For a tournament $T$ of order $n$, let $Δ=max \{od v:v∈V(T)\}$ And $δ=min\{od v:v∈V(T)\}$ Prove that if $Δ-δ< \frac n2$, then $T$ is strong
Here is my final attemp. Prove this by contrapositive.

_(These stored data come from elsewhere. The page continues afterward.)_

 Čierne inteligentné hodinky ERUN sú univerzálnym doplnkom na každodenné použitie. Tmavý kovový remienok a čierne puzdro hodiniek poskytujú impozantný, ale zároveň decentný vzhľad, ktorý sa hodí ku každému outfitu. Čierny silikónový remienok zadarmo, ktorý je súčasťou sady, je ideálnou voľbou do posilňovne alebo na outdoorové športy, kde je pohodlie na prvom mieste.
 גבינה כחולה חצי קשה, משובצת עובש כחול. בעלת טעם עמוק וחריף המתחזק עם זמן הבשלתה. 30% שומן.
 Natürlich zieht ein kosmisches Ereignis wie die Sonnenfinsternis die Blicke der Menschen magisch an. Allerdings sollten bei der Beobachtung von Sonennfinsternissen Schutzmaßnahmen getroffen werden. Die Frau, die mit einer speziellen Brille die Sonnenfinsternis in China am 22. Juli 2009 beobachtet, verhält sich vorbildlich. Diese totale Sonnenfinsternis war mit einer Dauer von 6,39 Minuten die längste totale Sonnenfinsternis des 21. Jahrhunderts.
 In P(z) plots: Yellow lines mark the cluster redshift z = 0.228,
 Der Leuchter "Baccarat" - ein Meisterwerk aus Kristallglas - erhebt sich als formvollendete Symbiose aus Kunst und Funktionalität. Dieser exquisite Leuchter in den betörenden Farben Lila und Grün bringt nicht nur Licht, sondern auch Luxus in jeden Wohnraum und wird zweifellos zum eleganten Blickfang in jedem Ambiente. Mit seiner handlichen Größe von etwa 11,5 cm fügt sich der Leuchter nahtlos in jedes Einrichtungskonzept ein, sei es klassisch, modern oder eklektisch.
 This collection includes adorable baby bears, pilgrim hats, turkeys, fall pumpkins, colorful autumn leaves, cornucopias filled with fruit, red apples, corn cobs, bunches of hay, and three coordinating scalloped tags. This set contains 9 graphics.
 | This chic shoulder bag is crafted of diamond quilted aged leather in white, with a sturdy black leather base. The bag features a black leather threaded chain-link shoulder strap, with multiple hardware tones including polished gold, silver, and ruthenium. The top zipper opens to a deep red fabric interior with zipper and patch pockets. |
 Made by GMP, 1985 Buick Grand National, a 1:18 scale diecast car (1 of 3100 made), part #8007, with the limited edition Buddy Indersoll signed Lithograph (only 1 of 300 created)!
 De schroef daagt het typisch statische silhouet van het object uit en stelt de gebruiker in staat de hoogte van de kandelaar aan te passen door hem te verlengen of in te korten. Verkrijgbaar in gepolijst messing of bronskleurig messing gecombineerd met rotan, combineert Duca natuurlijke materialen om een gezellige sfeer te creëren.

Assume that $T$ is not strong, by the result of some previous exercise, $T$ is not regular. So there exists a vertex $v$ such that $id(v) <od(v)$. Note that $T$ is a tournament which is an oriented completed graph so
$$deg(v)=id(v)+od(v)=n-1$$
Since $id(v)<od(v)$, $ \delta \leq od(v)< \frac {n-1}2$
Let $\pi: s_1,s_2,...,s_n$ be the score sequence of $T$, then
$$\Delta= s_n= \sum_{i=1}^n S_i -\sum_{n=1}^{n-1}S_i \geq \left( \begin{array}{ccc} n \\ 2 \\ \end{array} \right) -\left( \begin{array}{ccc} n-1 \\ 2 \\ \end{array} \right)=n-1$$
So
$$\Delta -\delta >(n-1) -\frac {n-1}2= \frac {n-1}2 \geq \frac n2$$
By contrapositive, if $Δ-δ< \frac n2$, then $T$ is strong
Is my reasoning acceptable?
\frac{n-1}{2} is not bigger than \frac{n}{2}